An Inconvenient Truth

I see quite a few films (just hit the films tag at the foot of this post to see what I mean). The problem is when you watch lots of films, it’s easy to become jaded. So, before watching this documentary, and only knowing it’s ‘star’ was a politician who didn’t quite make it to be president, and having done global warming to death in CSI Glenwood* last year, I wasn’t expecting it to really be interesting or good.
*stands for Contemporary and Social Issues group - good eh? I thought it up.

But on the plus side, Al Gore did appear in an episode of Futurama, so he couldn’t be all bad. And then in the first few minutes a clip of Futurama appeared in the film, making me think ‘hey, what’s going on?’

In truth (inconvenient or not) my prejudices were totally wrong. As a topic, climate change is something so massive it becomes meaningless, but the movie managed to give it meaning. Global warming can seem so big we’re all doomed, but the film ended on an incredibly positive and stirring message of hope – that we, as a race, can do something to avert catastrophe, and in fact we are doing something, despite the machinations of the current White House administration.

Topic aside, a documentary stands or falls on the strength of its narrating genius. The best docs in recent years have relied on either the strength of voice (Morgan Freeman) or the strength of personality (Morgan Spurlock); a narrator can blend into the background (Louis Theroux) or be antagonistically larger than life (Michael Moore).

So, how does Albert Gore Jr come off?

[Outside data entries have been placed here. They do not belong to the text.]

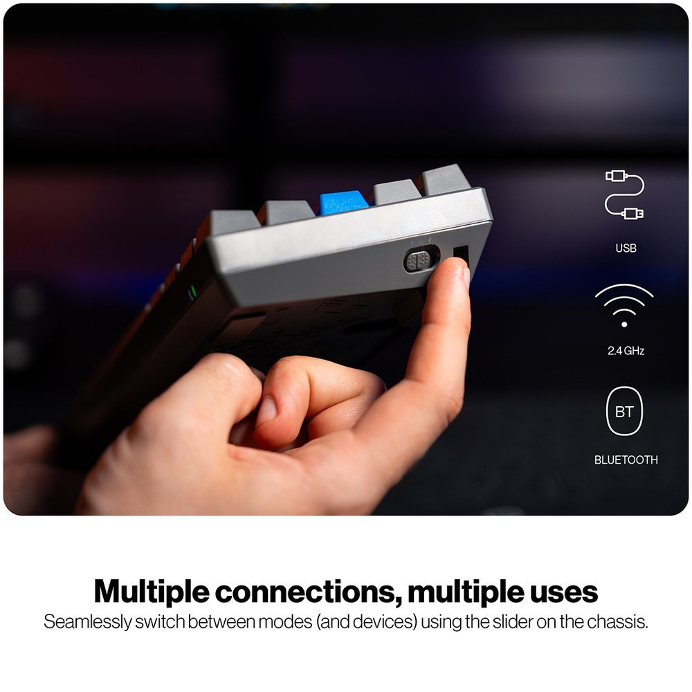 Klávesnice podporuje tři způsoby připojení – Bluetooth, 2,4GHz bezdrátový přijímač nebo USB kabel, což umožňuje snadné přepínání mezi různými zařízeními. Prémiová konstrukce s hliníkovou horní deskou a třemi vrstvami akustické pěny zajišťuje stabilní a odolnou konstrukci s vyladěnou akustikou.
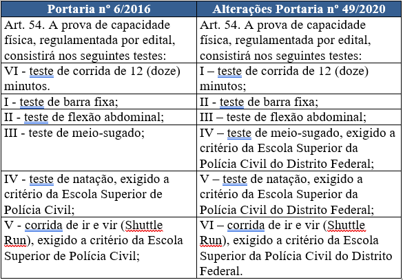 Dentre várias mudanças previstas na Portaria PCDF nº 49/2020, consta a alteração do art. 54 do Anexo à Portaria PCDF nº 06/2016, que trata acerca da prova de capacidade física, vejamos:
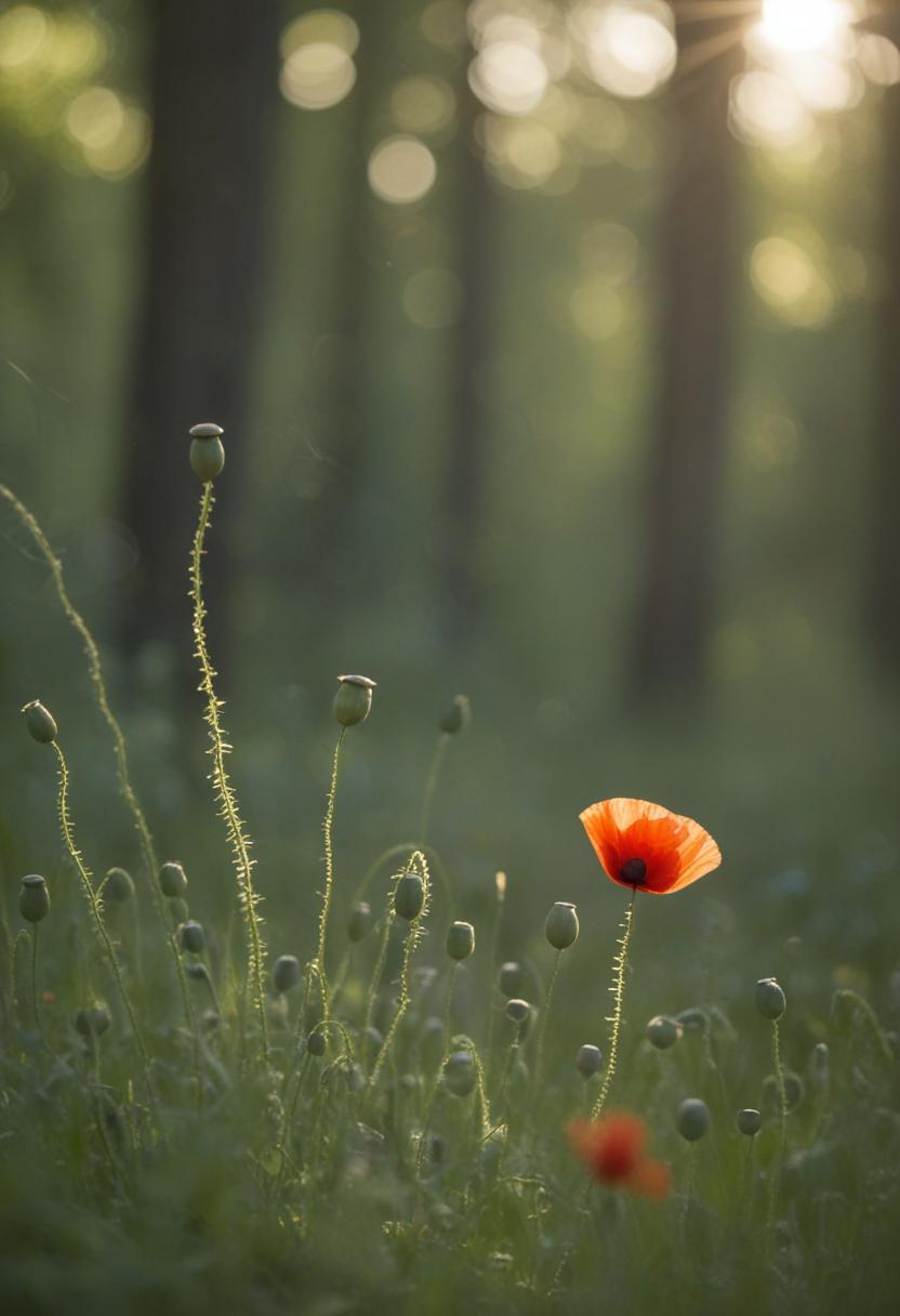 82. A soft glow filters through a dappled forest, casting gentle light on a poppy aesthetic scene. The side view highlights the delicate beauty of the flora under natural light.
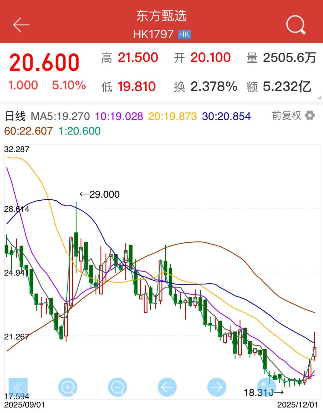 每日商报讯 12月1日,港股东方甄选迎来近日的罕见大涨,盘中大涨近10%。截至收盘,涨5.1%,收报20.6港元/股,最新市值超217亿港元。
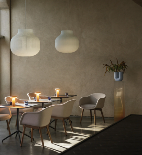 The Strand Pendant Lamp is designed with soft, playful forms for a modern expression. The design provides both diffused lighting and direct lighting, the latter through its top and bottom opening. The design is made in a sprayed cocoon material that consists of tiny strands for a complex, intriguing structure that, paired with its modern form, gives the Strand Pendant Lamp an almost cloud-like appearance. With its cocoon material filtering light through for a warm, comfortable glow, the Strand Pendant Lamp hovers lightly in space, bringing comfort, harmony and a refined sensitivity to any room.
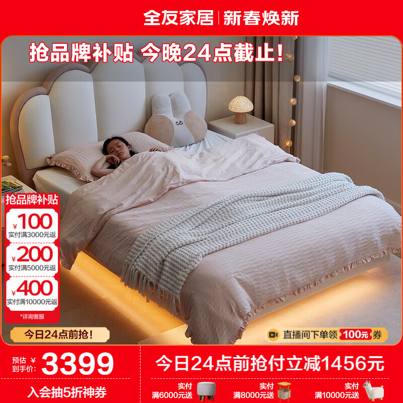 全友家居 现代简约悬浮软包皮艺床卧室公主床1.5米青少年单人床116091价格:4855.71元!
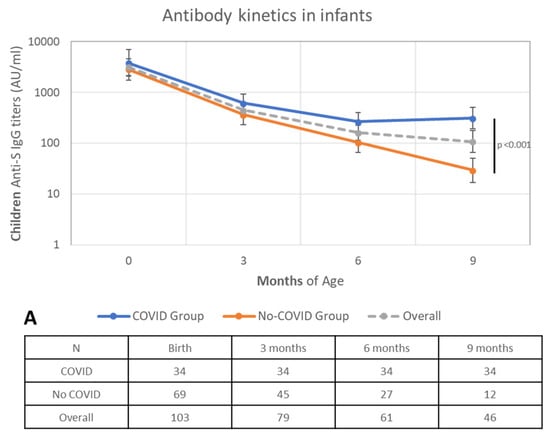 Antibody levels in children have a decreasing trend during the first months of life, but antibodies can be detected until 9 months after birth. For this reason, vaccination in pregnancy may have a protective role in offspring, as well as in pregnant women. Likewise, antibodies may be detected in breast milk [,,], and it is possible that breastfed babies may show a slower drop in antibody serum titers.
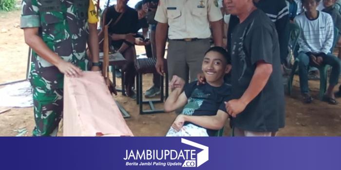 JAMBIUPDATE.CO, JAMBI - Ketua Tim Wasev TMMD, Mayjen TNI Johanis Payung, menyerahkan bantuan kursi roda bagi seorang anak penderita lumpuh bernama Yazdan Afdholy di lapangan Desa Suka Maju, Kecamatan Mestong, Kabupaten Muaro Jambi.
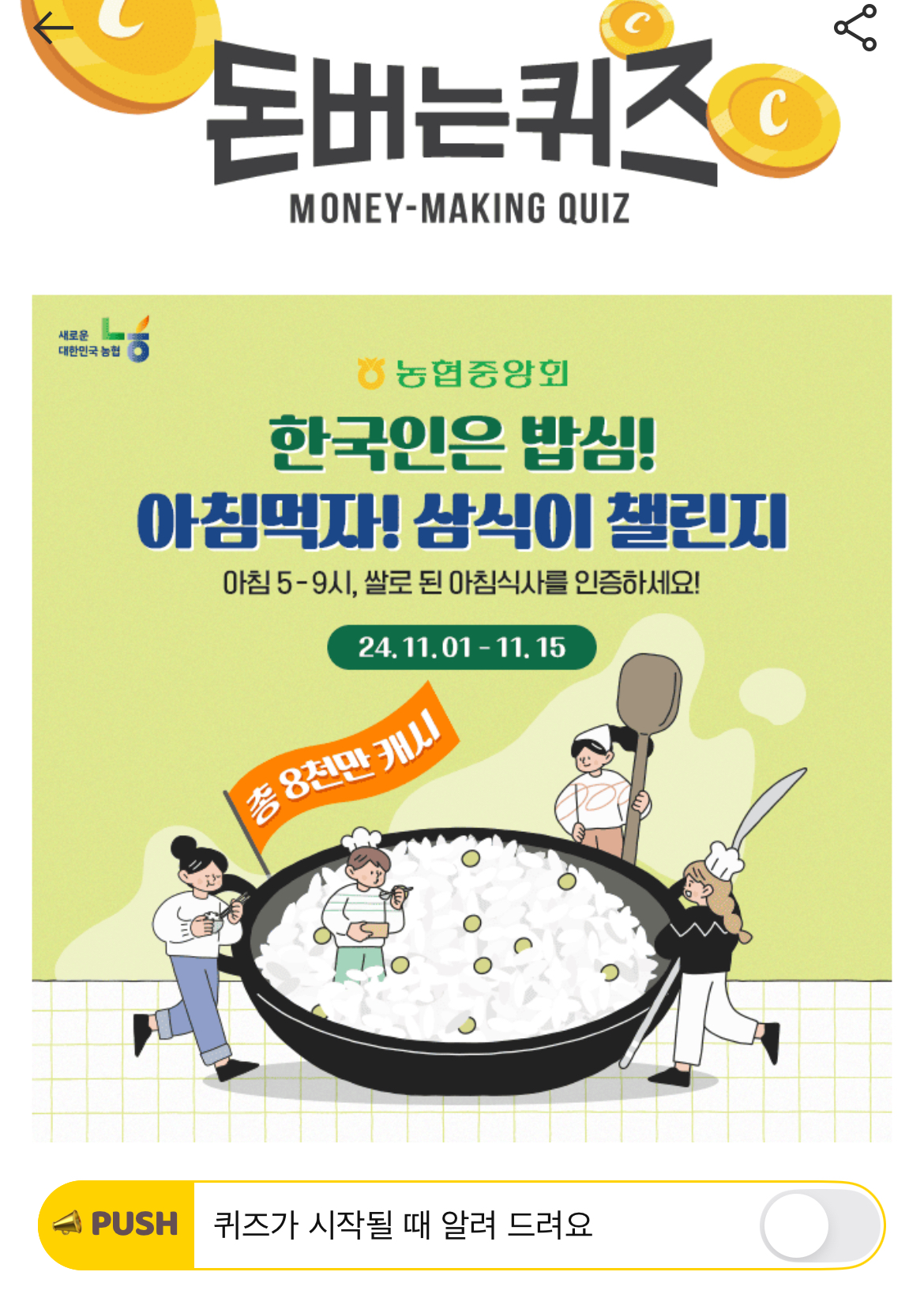 캐시워크 돈버는퀴즈 정답 농협중앙회 아침먹자! OOO 챌린지
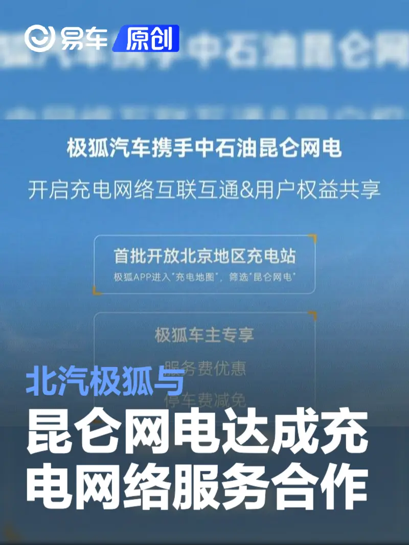 目前,北汽极狐在昆仑网电全国范围内可享受充电服务费95折优惠,部分场站还可尊享停车减免等专属权益。
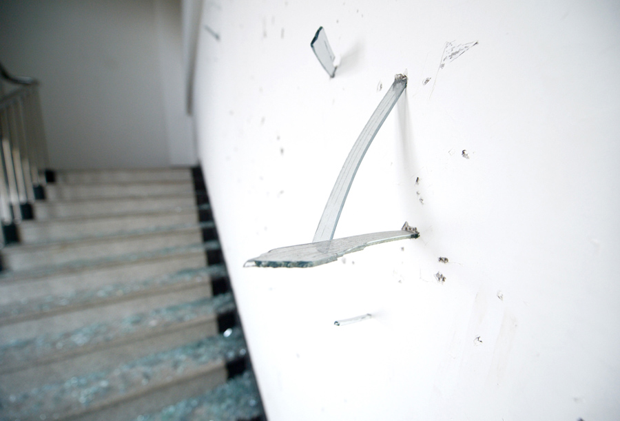 Read moreShards of window glass remain embedded in the wall of a stairway in a building near the explosion site in Tianjin on August 13, 2015. #
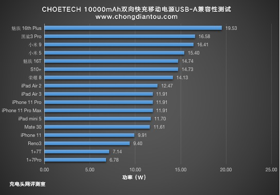 小编还将数款手机和三款平板的充电数据放在了表格当中,从表格的数据来看,魅族 16th Plus功率最高,达到了6.83V 2.86A 19.53W,成功握手PE快充,这款移动电源的USB-A还支持PE快充协议;其次是支持QC快充的安卓手机,均成功握手QC快充,支持Apple2.4A快充协议的苹果设备也可以成功握手快充,并且大部分都达到了快充功率的最大阶段。将测试的数据以柱状图的形式表现出来,这样可以更直观的看出充电功率的大小,仅支持PE快充协议的魅族 16th Plus成功握手PE快充,功率达到了19.53W;支持QC快充协议的安卓设备紧随其后,功率在11W-17W之间;支持Apple2.4A的苹果设备也可以很好的握手快充协议,开启快速充电模式。
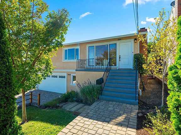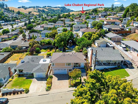 This beautifully remodeled home with scenic views offers modern comfort and natural beauty. The remodeled kitchen boasts quartz countertops, white subway tile, tile flooring, and crown molding. The bathroom has elegant tile work, a new bathtub, and natural light filtering through the window. Highlights include hardwood floors, dual-pane windows, air conditioning and fresh interior paint. The exterior features upgraded stucco, pavers, french drain, a new roof in 2022, and is sewer compliant. The lower level offers a versatile bonus space that could serve as an in-law unit, rental unit or 4th bedroom (verify with County), complete with recessed lighting, a half bathroom, and laundry room. Step outside and follow the natural stone path to a kaleidoscope of floral colors and lush greenery adorning both the front and backyards, complemented by an abundance of fruit trees, 3 varieties of grape vines, a lawn area and a play structure. The rear deck overlooks a hillside dotted with homes by day and city lights by night, creating an ideal space for relaxation and entertainment. Explore hiking/biking trails at nearby Lake Chabot Park, take advantage of exceptional Castro Valley schools and enjoy the convenience of nearby 580/880 freeways, BART, and downtown restaurants and entertainment.
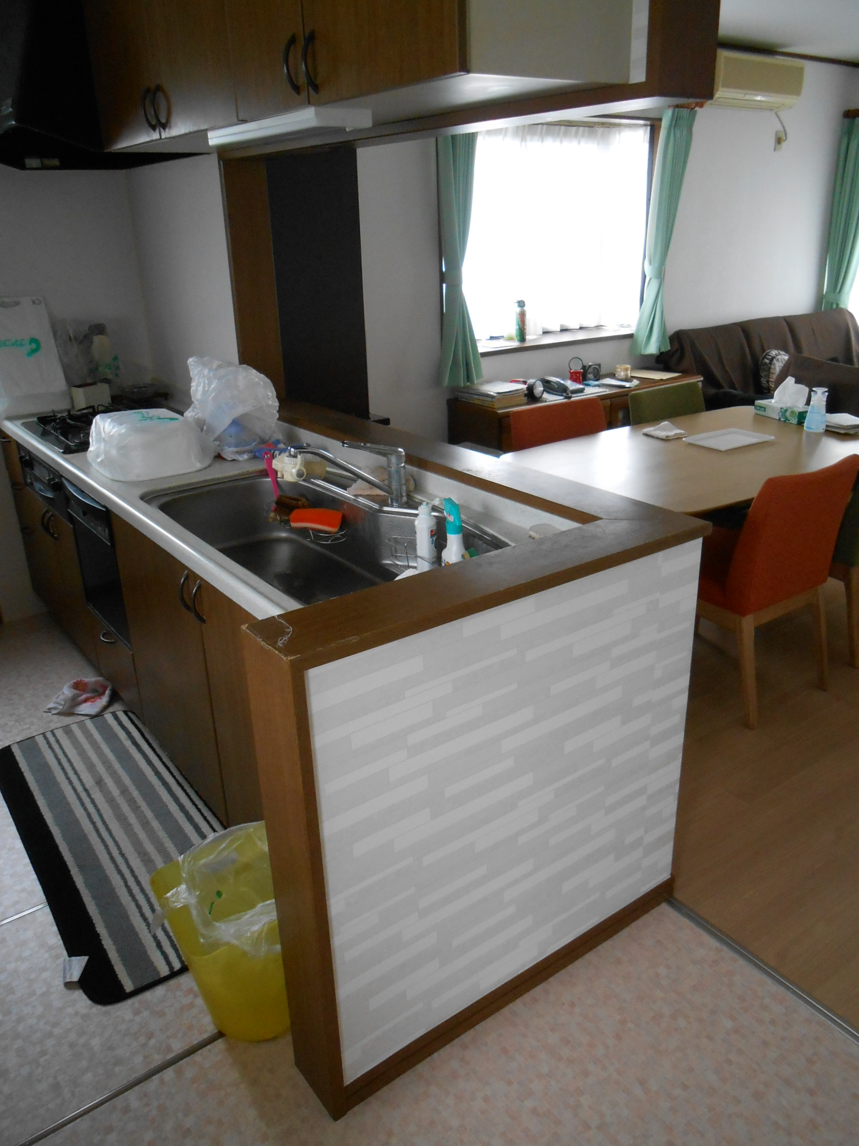 対面キッチン前の幅狭の笠木を幅広のカウンターに交換 リフォームで笑顔! 株 住まいるパートナ。
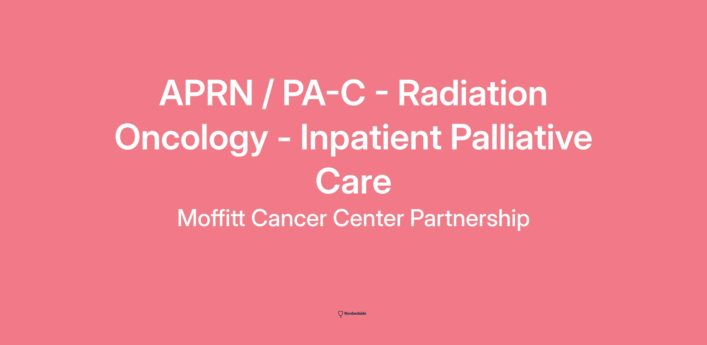 APRN / PA-C - Radiation Oncology - Inpatient Palliative Care Location Tampa, FL
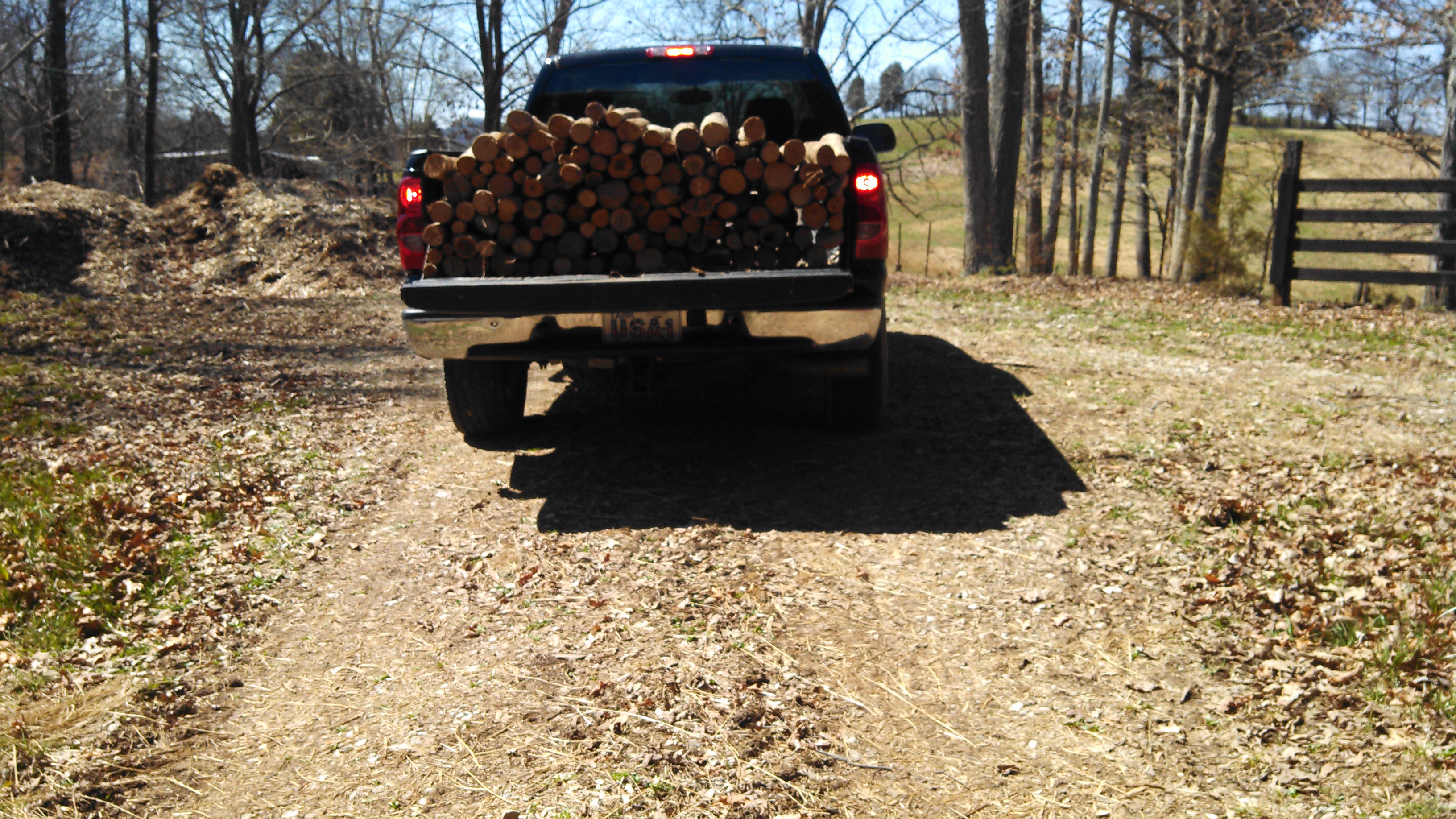 This stack was originally small, long, straight trees used for poles to hang tobacco plants to dry.  (The hay barn was originally a tobacco barn.)  Long out of use, the poles were cut into firewood.  The problem is this is about a quarter-mile from where it would ultimately be used.  Now, this is where my alternative workout comes in.

Incredibly well, in fact. With a nice line in understated irony, self-deprecating comments, and personal history that illuminated the subject of the film rather than fed into a personal ego, his role should become a template for future documentary-makers. When he speaks of his sister who died of cancer from smoking, and how that made his father quit growing tobacco, he uses the story to illuminate how we are unsuspectingly caught up in the process of killing the planet, rather than appeal to our pity. It’s a tragic story, used respectfully by Gore to get his point across, and therein lies its power.

There are a few minor quibbles along the way, and one or two scenes seems a bit fake (Gore on the phone to a researcher seems very forced at one point), but generally, if you only watch one documentary among the blockbusters, make sure it’s this one.